**What the task asks:** From the line that contains "Amazon - Right" to the end of the entries, copy each line exactly, though the pictures stay out.

━━━━━ Given records ━━━━━

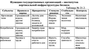 Государственные организации как институты вертикальной инфраструктуры современного бизнеса выполняют следующие функции:
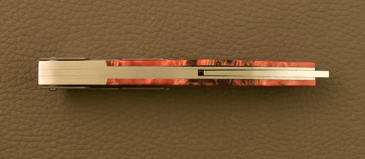 Lame : Acier inoxydable Suédois 14C28N épaisseur 3mm au talon. Dureté : 58-59 Hrc. Grâce à son excroissance, la lame est très facile à ouvrir. Son tranchant est lisse permettant une coupe nette et propre de la capsule
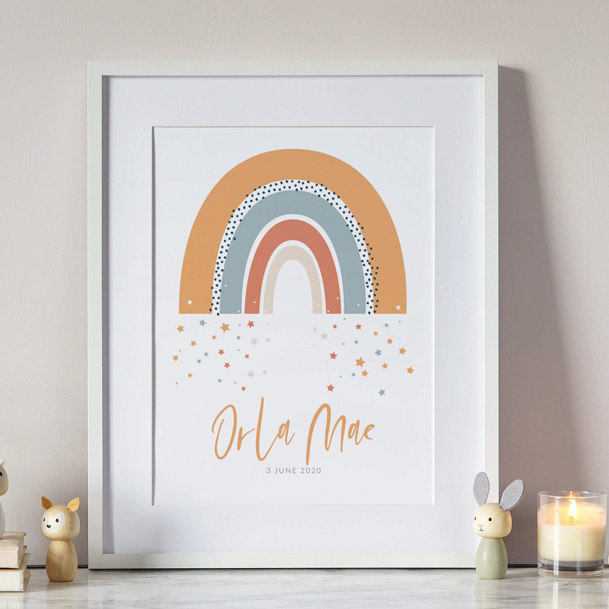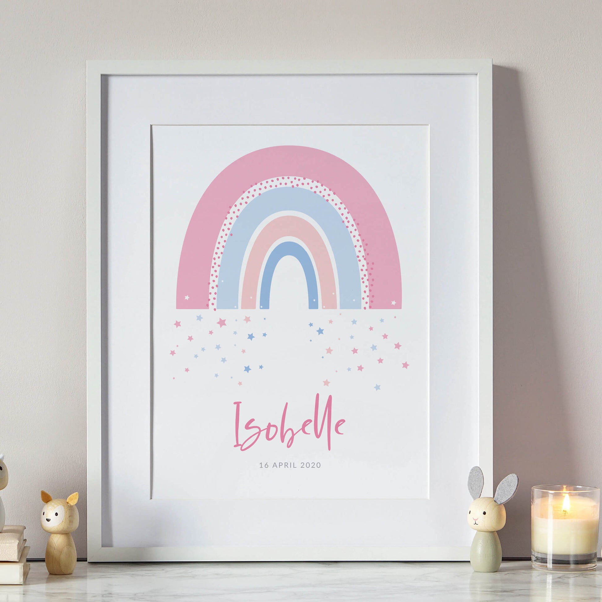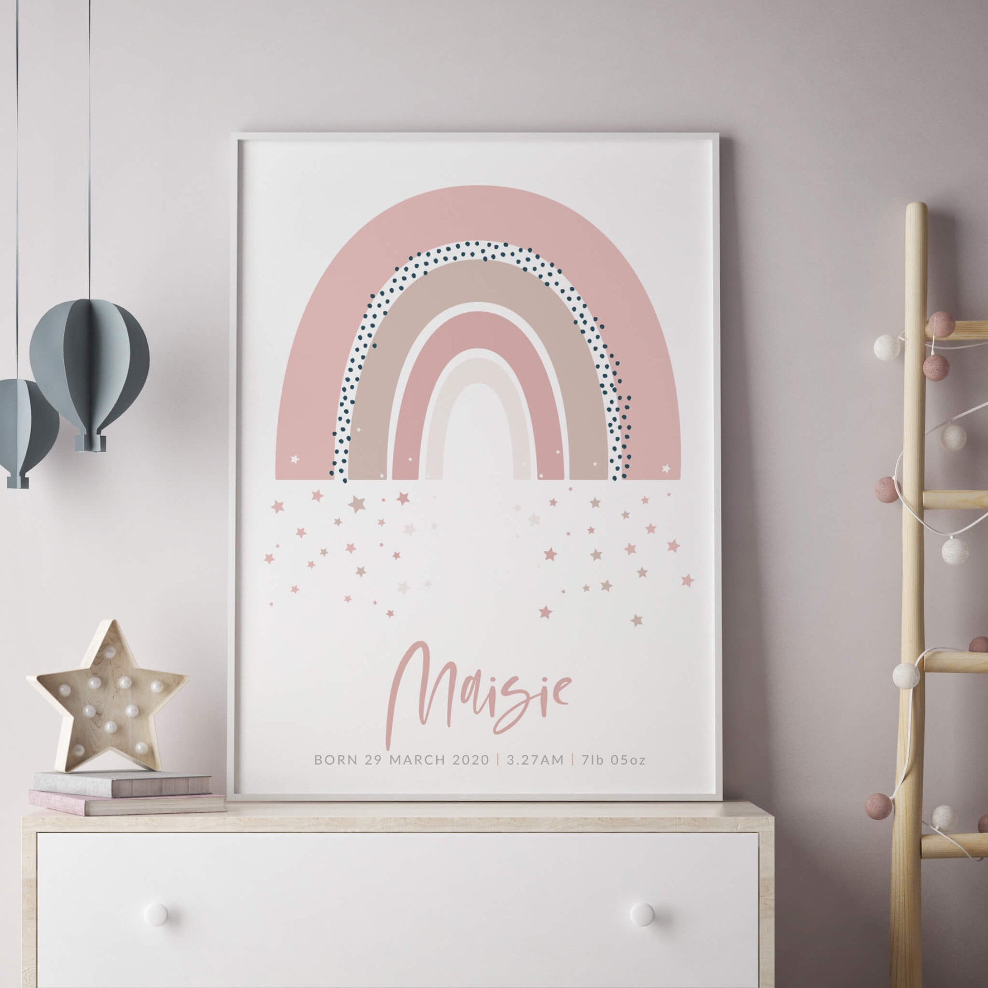What child isn’t obsessed with rainbows? I know my two certainly are, but it’s not just a thing of beauty, the rainbow has become an icon and a symbol of hope which is why I felt it was important to include one in my childrens’ collection. This personalised rainbow print also incorporates falling stars, for that extra little bit of magic.
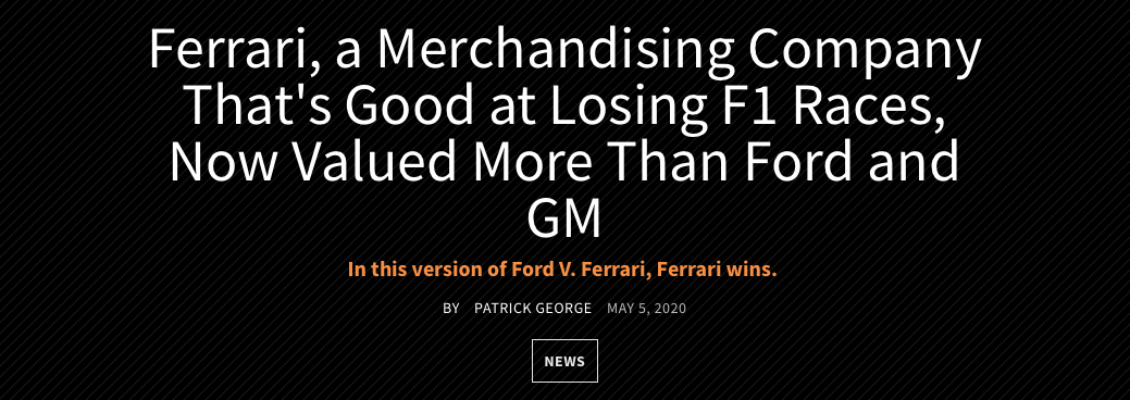 That was 2019, Ferrari made $1.4 billion EBITA last year so probably a little under $1 billion net income, and they sold like 9900 cars.  They are in the $95-100k profit per car the past few years if you just look at profit and cars sold.  Obviously some of that profit is t-shirts and merchandise, but without that brand name they wouldn’t move merch.
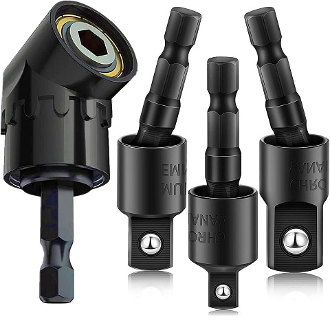 Amazon - Right Angle Drill Adaptor,4-in-1 Impact Drill Bit Extension,360° Rotatable 1/4 3/8 1/2'' Impact Grade Socket Adapter Set,105 Degree Angle Screwdriver Drill Bit for Household Workplace Industry
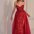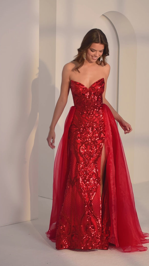 People won't be able to stop talking about you in this showstopping sheath party dress. The strapless cat eye neckline creates a fierce frame for your décolletage, while patterned sequin mesh shimmers with every move. A thigh-high slit adds sultry sophistication, and a detachable tulle overskirt brings drama and versatility, letting you switch from sleek and modern to full-on statement in seconds.

━━━━━

**Task result:**
 Amazon - Right Angle Drill Adaptor,4-in-1 Impact Drill Bit Extension,360° Rotatable 1/4 3/8 1/2'' Impact Grade Socket Adapter Set,105 Degree Angle Screwdriver Drill Bit for Household Workplace Industry
 People won't be able to stop talking about you in this showstopping sheath party dress. The strapless cat eye neckline creates a fierce frame for your décolletage, while patterned sequin mesh shimmers with every move. A thigh-high slit adds sultry sophistication, and a detachable tulle overskirt brings drama and versatility, letting you switch from sleek and modern to full-on statement in seconds.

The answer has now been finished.